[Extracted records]
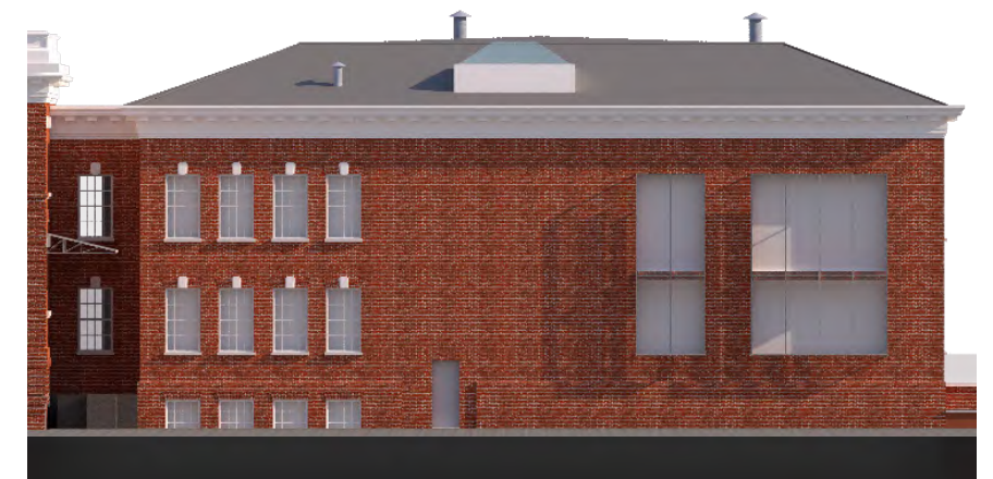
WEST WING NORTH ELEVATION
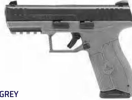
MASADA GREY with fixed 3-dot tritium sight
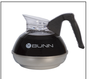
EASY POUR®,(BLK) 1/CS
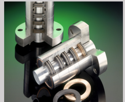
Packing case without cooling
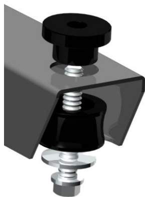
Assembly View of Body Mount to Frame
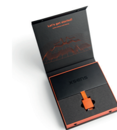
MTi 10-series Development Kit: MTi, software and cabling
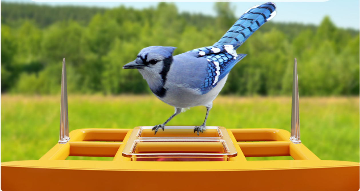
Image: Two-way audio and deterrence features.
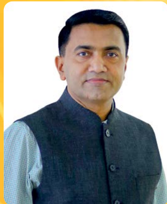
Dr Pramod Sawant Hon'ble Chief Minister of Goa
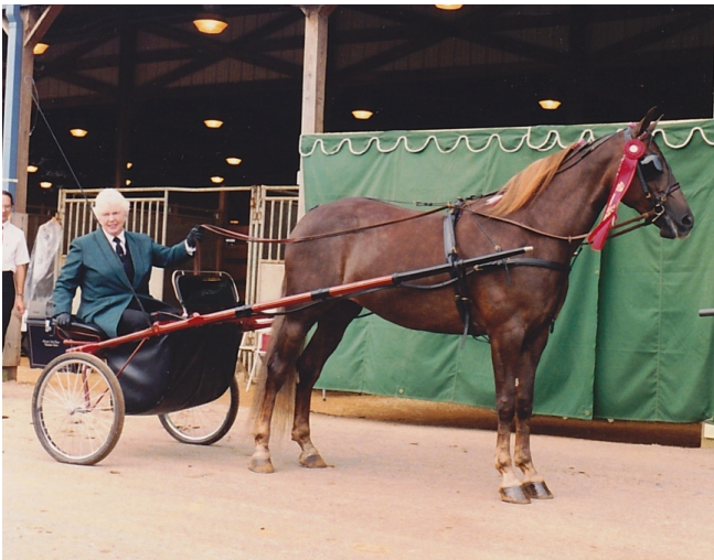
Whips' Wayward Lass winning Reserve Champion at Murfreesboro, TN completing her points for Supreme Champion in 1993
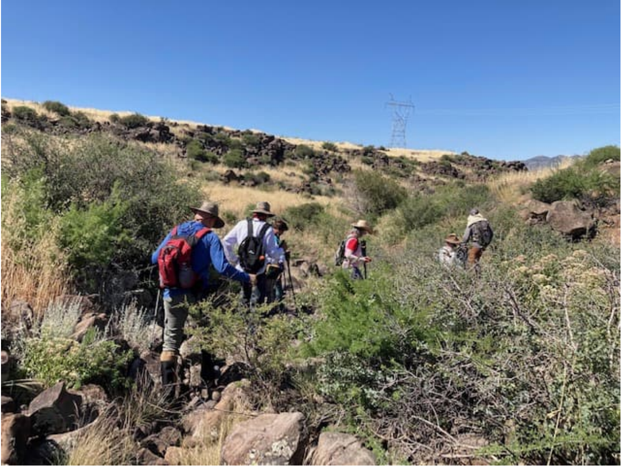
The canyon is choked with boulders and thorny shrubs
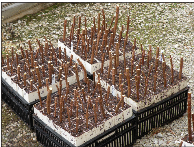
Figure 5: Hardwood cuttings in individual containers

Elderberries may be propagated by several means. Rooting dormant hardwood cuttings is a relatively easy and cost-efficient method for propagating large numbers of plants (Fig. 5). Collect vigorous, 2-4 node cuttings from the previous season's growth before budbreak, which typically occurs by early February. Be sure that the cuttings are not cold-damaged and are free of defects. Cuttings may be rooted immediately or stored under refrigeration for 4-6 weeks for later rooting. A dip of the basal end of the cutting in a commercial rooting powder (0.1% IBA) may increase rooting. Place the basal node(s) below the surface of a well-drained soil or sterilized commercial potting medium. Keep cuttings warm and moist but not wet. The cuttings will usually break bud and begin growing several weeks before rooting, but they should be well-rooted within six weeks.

--- What is required ---
No pictures should appear in the copy. Print exactly the lines above from the line containing "Dr Pramod Sawant" through the last line of the data.

--- Solution for this problem ---
Dr Pramod Sawant Hon'ble Chief Minister of Goa
Whips' Wayward Lass winning Reserve Champion at Murfreesboro, TN completing her points for Supreme Champion in 1993
The canyon is choked with boulders and thorny shrubs
Figure 5: Hardwood cuttings in individual containers

Elderberries may be propagated by several means. Rooting dormant hardwood cuttings is a relatively easy and cost-efficient method for propagating large numbers of plants (Fig. 5). Collect vigorous, 2-4 node cuttings from the previous season's growth before budbreak, which typically occurs by early February. Be sure that the cuttings are not cold-damaged and are free of defects. Cuttings may be rooted immediately or stored under refrigeration for 4-6 weeks for later rooting. A dip of the basal end of the cutting in a commercial rooting powder (0.1% IBA) may increase rooting. Place the basal node(s) below the surface of a well-drained soil or sterilized commercial potting medium. Keep cuttings warm and moist but not wet. The cuttings will usually break bud and begin growing several weeks before rooting, but they should be well-rooted within six weeks.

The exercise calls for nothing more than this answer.